-------- Collected data

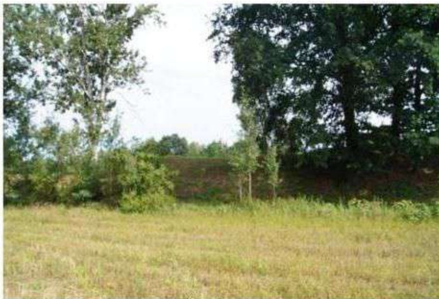
Widok na stanowisko archeologiczne nr 1 – Stare Skoszewy

Na terenach stref ochrony stanowisk archeologicznych wymagane jest sprawowanie nadzorów archeologicznych.
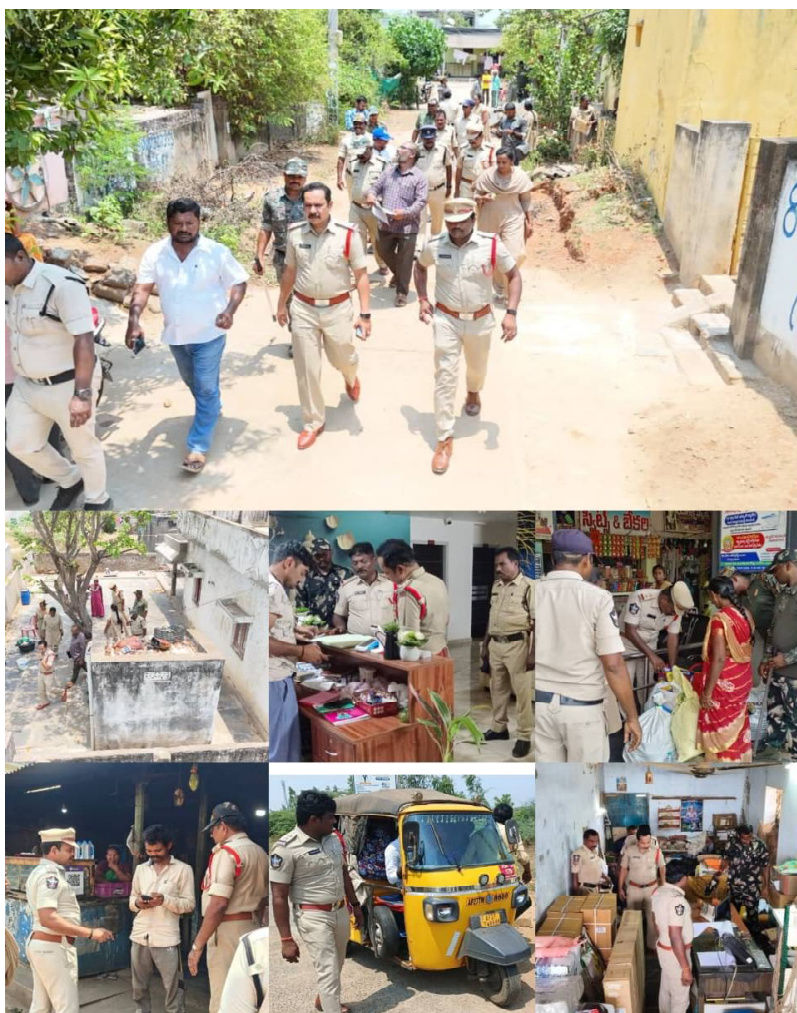
చేశారు. సాధ్యమైనంత వరకు అందరూ కూడా సీసీ కెమెరాలు ఏర్పాటు చేసుకోవాలి అని ప్రజలకు తెలియజేసినారు....

----------------

• [Assignment] Restate the listing word for word. Pictures do not belong in the copy.

• [Solution below]
Widok na stanowisko archeologiczne nr 1 – Stare Skoszewy

Na terenach stref ochrony stanowisk archeologicznych wymagane jest sprawowanie nadzorów archeologicznych.
చేశారు. సాధ్యమైనంత వరకు అందరూ కూడా సీసీ కెమెరాలు ఏర్పాటు చేసుకోవాలి అని ప్రజలకు తెలియజేసినారు....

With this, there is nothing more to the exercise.